TASK DIRECTIONS - In the entries that follow, the lines from the line containing "Přijďte na Hartovskou" up to and including the line containing "Meine originelle Vektorgrafik" must be copied exactly, with pictures omitted.

DATA SECTION -
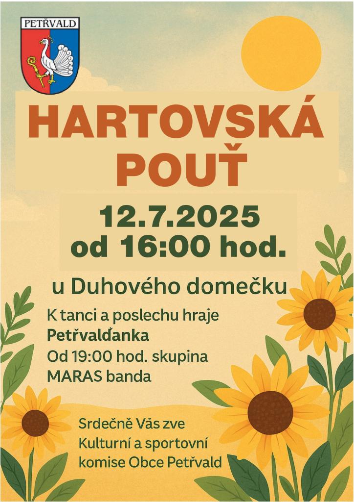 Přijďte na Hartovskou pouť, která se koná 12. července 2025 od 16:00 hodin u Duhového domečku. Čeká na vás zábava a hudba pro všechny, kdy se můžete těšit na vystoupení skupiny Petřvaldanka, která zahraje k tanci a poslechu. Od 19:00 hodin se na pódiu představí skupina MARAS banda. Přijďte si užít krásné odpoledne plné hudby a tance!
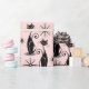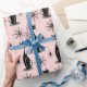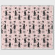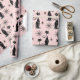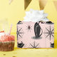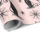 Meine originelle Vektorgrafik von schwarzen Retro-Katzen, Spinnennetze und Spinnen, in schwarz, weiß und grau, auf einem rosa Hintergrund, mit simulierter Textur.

==

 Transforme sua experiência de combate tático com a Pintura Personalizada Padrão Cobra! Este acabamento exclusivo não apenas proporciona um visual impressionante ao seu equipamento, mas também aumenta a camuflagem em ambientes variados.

RESULT OF THIS EXERCISE -
 Přijďte na Hartovskou pouť, která se koná 12. července 2025 od 16:00 hodin u Duhového domečku. Čeká na vás zábava a hudba pro všechny, kdy se můžete těšit na vystoupení skupiny Petřvaldanka, která zahraje k tanci a poslechu. Od 19:00 hodin se na pódiu představí skupina MARAS banda. Přijďte si užít krásné odpoledne plné hudby a tance!
 Meine originelle Vektorgrafik von schwarzen Retro-Katzen, Spinnennetze und Spinnen, in schwarz, weiß und grau, auf einem rosa Hintergrund, mit simulierter Textur.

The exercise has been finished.